This is an incisive, finely observed piece of psychological fiction, both a coming-of-age narrative and a credible study of a cruel and destructive woman, who revels in creating dramas that damage others. The novel follows a young child, Emily, over a period of six years from the age of seven to thirteen. She lives with her forty-seven-year-old grandmother, the twice-widowed Lilian, who has been left well-off but who has little to do but party, toy with men, and bet on horses. Emily’s parents are alive but separated—her mother is in Sydney; her father, in the outback. They married young and never grew up. Passive and irresponsible, both are perfectly comfortable with Lilian’s taking charge of their daughter. Neither gives a thought to the neglectful and emotionally abusive situation the child has been left in.

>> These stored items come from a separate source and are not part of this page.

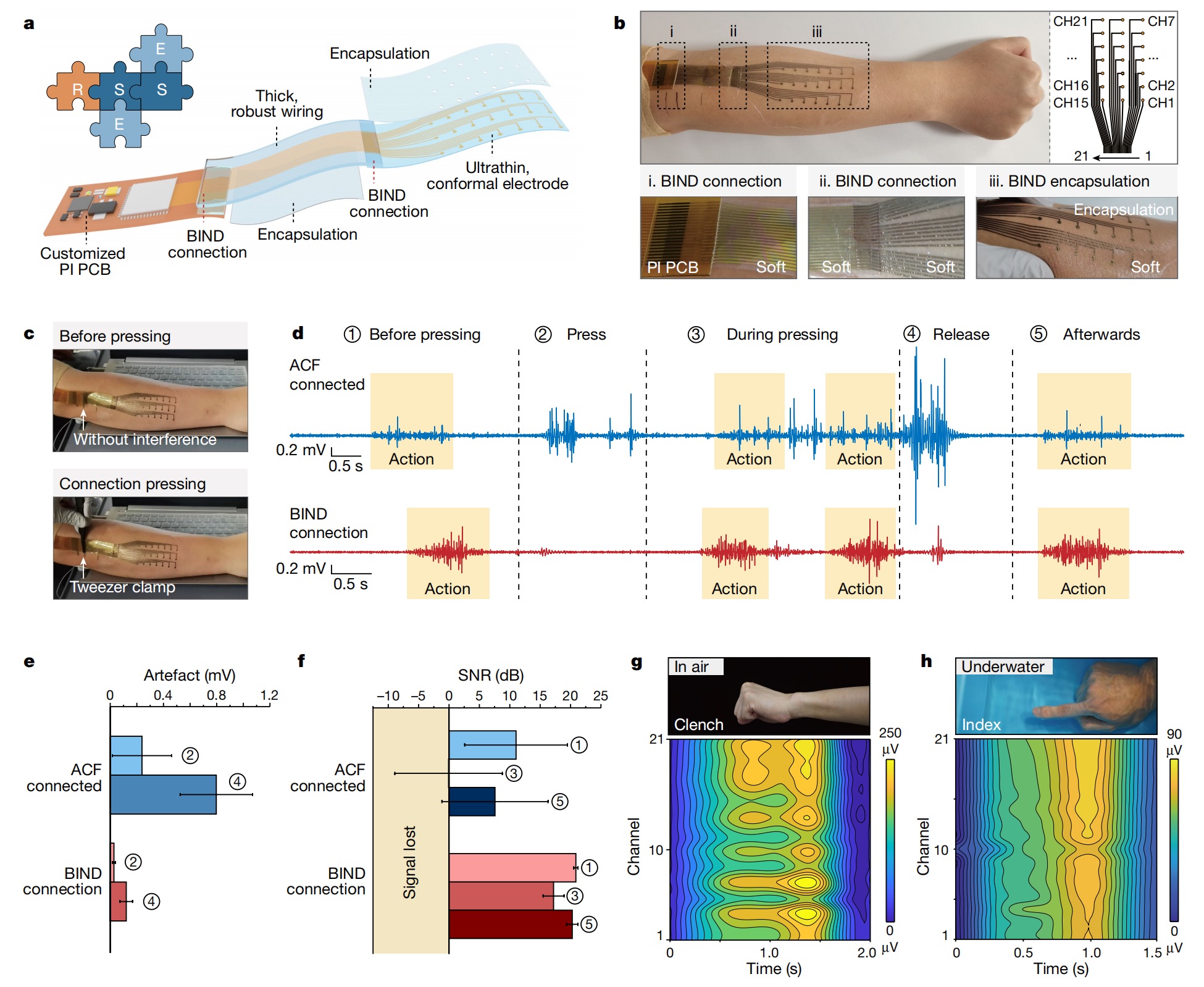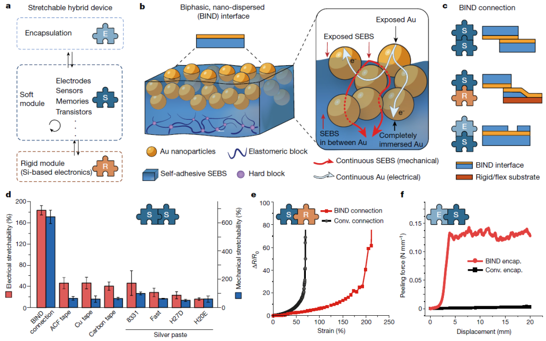 聯(lián)合團(tuán)隊(duì)發(fā)現(xiàn),在特定的制備條件下,基于SEBS嵌段聚合物和黃金納米顆粒的柔性界面,即BIND界面,面對(duì)面貼合時(shí)有“魔術(shù)貼”式的電氣與機(jī)械雙重黏合特性,能夠?qū)⒉煌δ艿娜嵝詡鞲衅鞣€(wěn)定地黏合在一起,從而實(shí)現(xiàn)柔性模塊與柔性模塊之間的高效連接。通過熱蒸發(fā)金(Au)或銀(Ag)納米顆粒制備BIND界面,在自粘苯乙烯-乙烯-丁烯-苯乙烯(SEBS)熱塑性彈性體內(nèi)部形成互穿納米結(jié)構(gòu),SEBS是一種廣泛應(yīng)用于可拉伸電子產(chǎn)品的軟基板。SEBS基質(zhì)表面附近的納米顆粒形成了一個(gè)雙相層(大約90納米深),其中一些納米顆粒完全浸入其中,而另一些納米顆粒部分暴露在外。這種界面結(jié)構(gòu)在表面產(chǎn)生了暴露的SEBS和Au,在基體內(nèi)部產(chǎn)生了互穿的Au納米顆粒,這為堅(jiān)固的BIND連接提供了連續(xù)的機(jī)械和電氣途徑??傊@種即插即用的接口可以簡(jiǎn)化和加速皮膚上和可植入的可拉伸設(shè)備的開發(fā)。實(shí)驗(yàn)表明,采用新型接口的柔性醫(yī)療器件能高精度、高保真、抗干擾地監(jiān)測(cè)體內(nèi)外不同器官,包括表皮、腦皮層、坐骨神經(jīng)、腓骨肌肉、膀胱等,比起商用導(dǎo)電膠組裝的系統(tǒng)信號(hào)質(zhì)量大幅度提升。
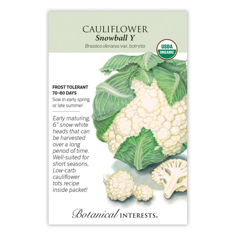 | Flavorful, 6" snow-white heads in just 70 to 80 days means 'Snowball Y' is successful in short-season areas. The leaves naturally curl nicely around the heads providing self-blanching and protection from sun scald. Mature heads hold well in the garden, so they don't all have to be picked at once. |
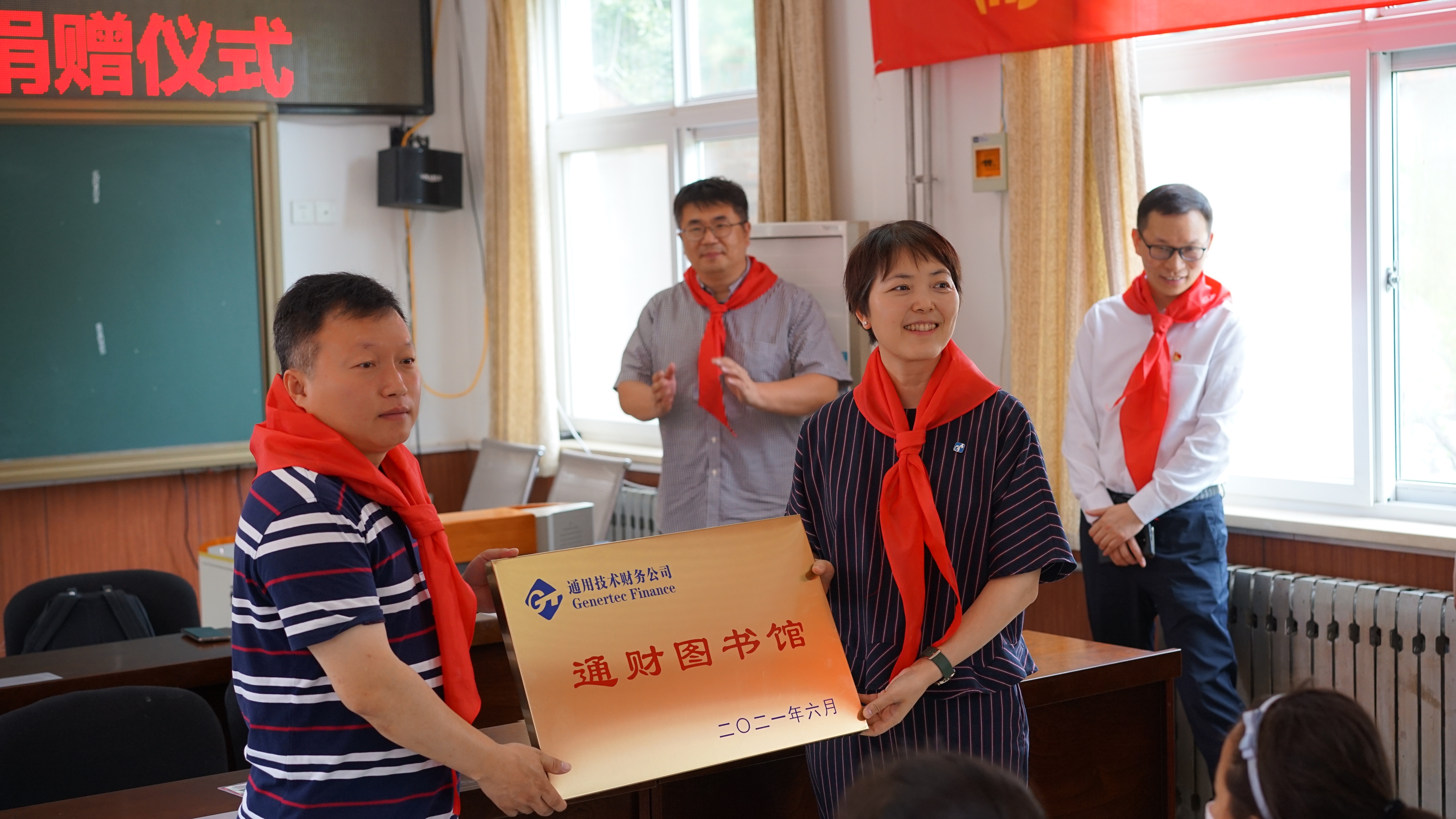 捐赠仪式上,斋堂中心小学少先队队员为参加活动人员佩戴了红领巾。双方举行了现场捐赠、“通财图书馆”揭牌仪式并合影留念。
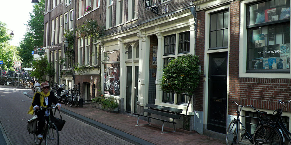 Some canals, like the Egelantiersgracht, are smaller in scale than those famous waterways. They're narrower, shorter, but this gives them much more charm. The Egelantiersgracht canal is just 500 meters long and is so attractive it would be worth walking the whole distance. Then you can go around the block on two other canals while also exploring some of those side lanes. Typical of Jordaan it's a residential neighborhood, but there are always some shops that will catch your interest.
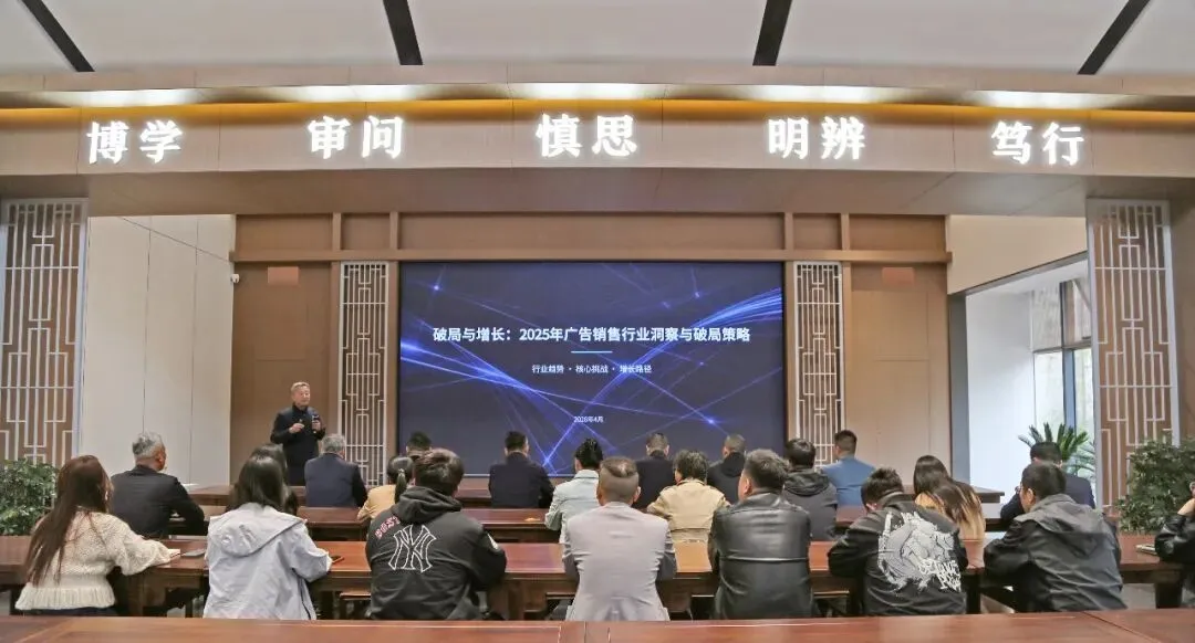当前,户外广告行业正经历深刻变革,市场环境的变化,AI、大数据、程序化广告等新技术层出不穷,深刻改变着广告行业的底层逻辑与生态,客户需求的迭代, 让“如何高效获客、实现业务增长”成为每一位广告人亟待破解的课题。为赋能行业同仁破局突围、交流共进,临沂市广告协会特邀名誉会长刘海山开展专题分享,于4月22日上午在鲁南制药集团明德讲堂召开“户外广告营销交流座谈会”。会长、党支部书记陈胜国,秘书长王康如,常务副会长许吉海,副会长赵清雷、宋广全以及协会理事、会员单位负责人及营销骨干齐聚一堂,共同学习、共商发展
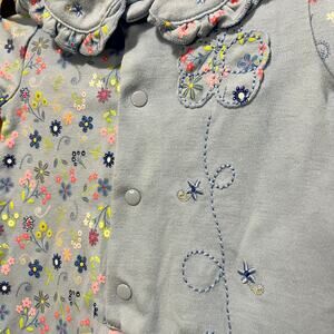 Adorable Okie Dokie baby blue knit jumper in size 0-3 months. This sweet one-piece features delicate embroidery on one side and a charming screen-printed floral design on the other. Perfect for keeping your little one cozy and stylish! It also has a cute ruffle collar.
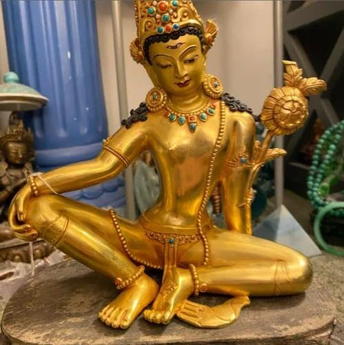 The meticulous gold gilding highlights the exquisite details of his attire and jewels, reflecting his status as a deity of great importance and reverence. This statue serves as an object of veneration and an artistic tribute to the rich tapestry of mythological and spiritual traditions.

Lilian takes in boarders, not because she has any need for the income, but because she requires an audience for the cruel dramas she instigates. One boarder, Thea, has fairly recently left Lilian’s house in the suburbs for a flat of her own, but she occasionally visits and takes Emily on outings. Eventually, Thea leaves the city of Ballowra (based on industrial Newcastle, Australia), and Lilian takes in another boarder: Thea’s former lover, Max. Lilian recognizes the potential for cruelty that such a situation promises. By having another, younger man in the house, she can make her current live-in fancy man, Rosen, jealous, and look a bit more respectable to the neighbours at the same time. She can also invite Thea to come for a visit from Sydney and then enjoy the fireworks that ensue when the former lovers encounter each other. Lilian’s timing is off, however, and things don’t develop quite as she plans. Max is sensitive and kind, and a special relationship develops between him and Emily, whom he feels he must protect from the ruthless and uncaring Lilian and her swinging friends, who resent him for his refusal to party with them. There are repercussions for this.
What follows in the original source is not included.